Exercise brief: An image-free reproduction of the data below is needed: print it exactly.

Data shown:

|---|

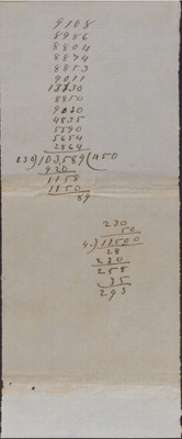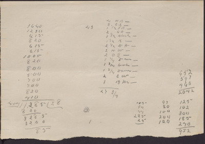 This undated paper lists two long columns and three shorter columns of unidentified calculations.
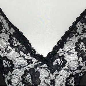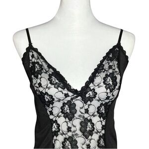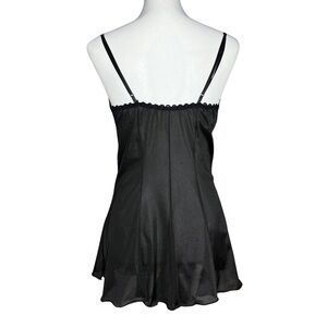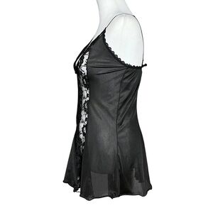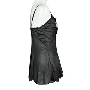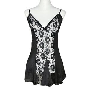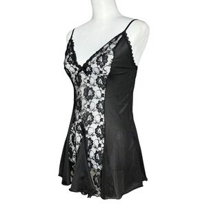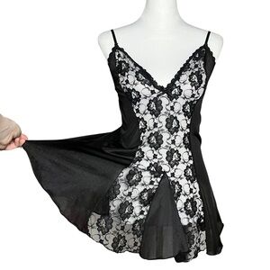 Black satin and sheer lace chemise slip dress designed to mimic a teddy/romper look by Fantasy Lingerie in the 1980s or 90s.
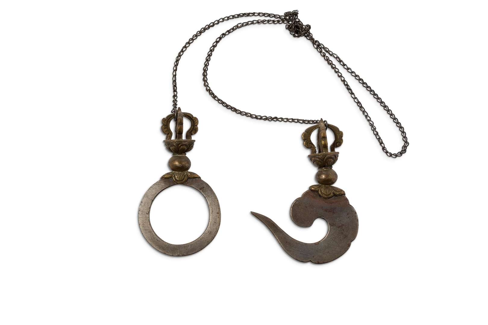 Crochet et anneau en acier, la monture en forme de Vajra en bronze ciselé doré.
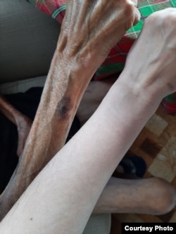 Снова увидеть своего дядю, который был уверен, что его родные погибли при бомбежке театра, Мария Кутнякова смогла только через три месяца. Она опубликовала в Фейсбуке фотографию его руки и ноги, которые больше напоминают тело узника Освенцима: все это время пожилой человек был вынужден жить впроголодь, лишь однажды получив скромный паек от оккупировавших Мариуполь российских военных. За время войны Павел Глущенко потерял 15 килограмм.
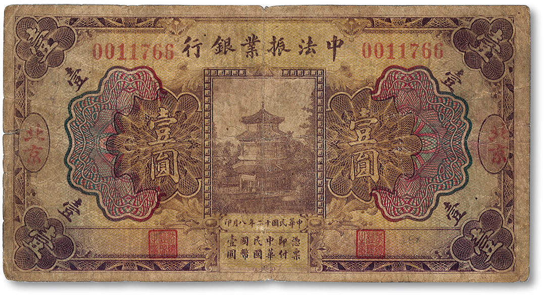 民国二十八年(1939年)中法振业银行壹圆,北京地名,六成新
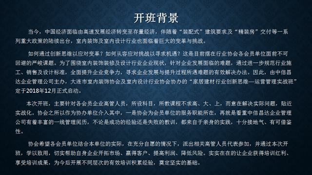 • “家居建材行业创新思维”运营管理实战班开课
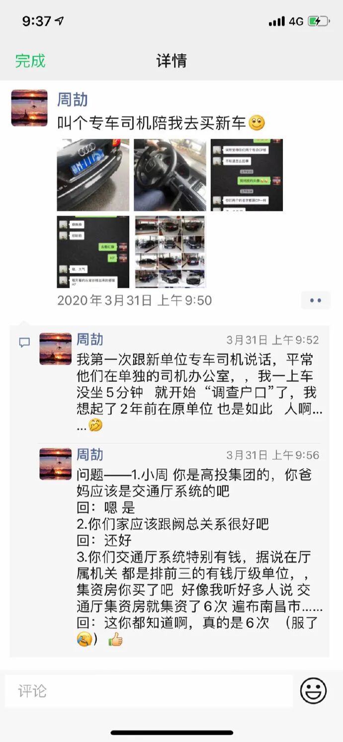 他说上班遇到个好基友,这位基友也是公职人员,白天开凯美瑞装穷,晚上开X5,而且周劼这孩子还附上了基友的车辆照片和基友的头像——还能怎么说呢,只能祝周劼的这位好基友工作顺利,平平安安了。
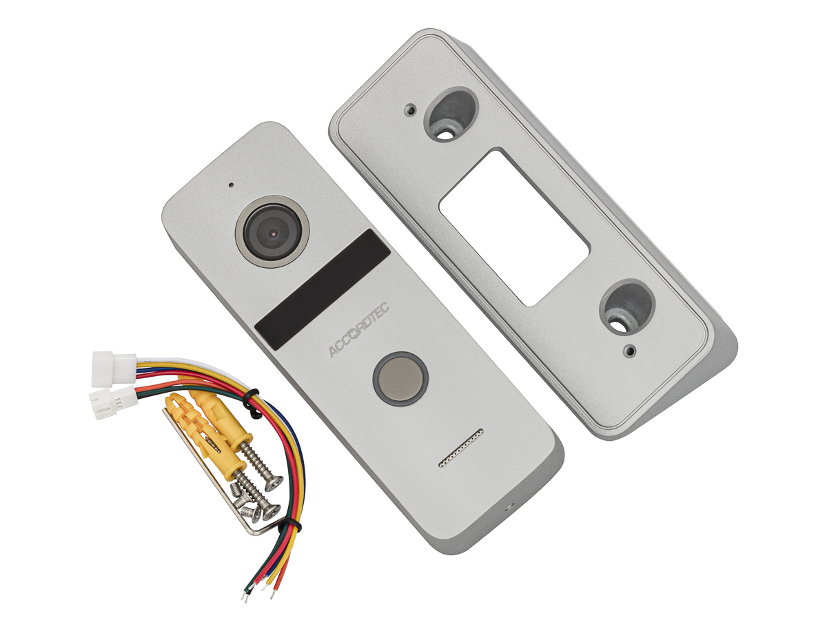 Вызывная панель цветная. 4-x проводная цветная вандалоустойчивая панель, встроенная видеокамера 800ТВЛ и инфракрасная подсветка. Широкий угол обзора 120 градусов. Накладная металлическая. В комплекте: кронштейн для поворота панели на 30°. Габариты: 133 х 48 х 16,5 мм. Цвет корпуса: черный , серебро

|---|

Answer area:
 This undated paper lists two long columns and three shorter columns of unidentified calculations.
 Black satin and sheer lace chemise slip dress designed to mimic a teddy/romper look by Fantasy Lingerie in the 1980s or 90s.
 Crochet et anneau en acier, la monture en forme de Vajra en bronze ciselé doré.
 Снова увидеть своего дядю, который был уверен, что его родные погибли при бомбежке театра, Мария Кутнякова смогла только через три месяца. Она опубликовала в Фейсбуке фотографию его руки и ноги, которые больше напоминают тело узника Освенцима: все это время пожилой человек был вынужден жить впроголодь, лишь однажды получив скромный паек от оккупировавших Мариуполь российских военных. За время войны Павел Глущенко потерял 15 килограмм.
 民国二十八年(1939年)中法振业银行壹圆,北京地名,六成新
 • “家居建材行业创新思维”运营管理实战班开课
 他说上班遇到个好基友,这位基友也是公职人员,白天开凯美瑞装穷,晚上开X5,而且周劼这孩子还附上了基友的车辆照片和基友的头像——还能怎么说呢,只能祝周劼的这位好基友工作顺利,平平安安了。
 Вызывная панель цветная. 4-x проводная цветная вандалоустойчивая панель, встроенная видеокамера 800ТВЛ и инфракрасная подсветка. Широкий угол обзора 120 градусов. Накладная металлическая. В комплекте: кронштейн для поворота панели на 30°. Габариты: 133 х 48 х 16,5 мм. Цвет корпуса: черный , серебро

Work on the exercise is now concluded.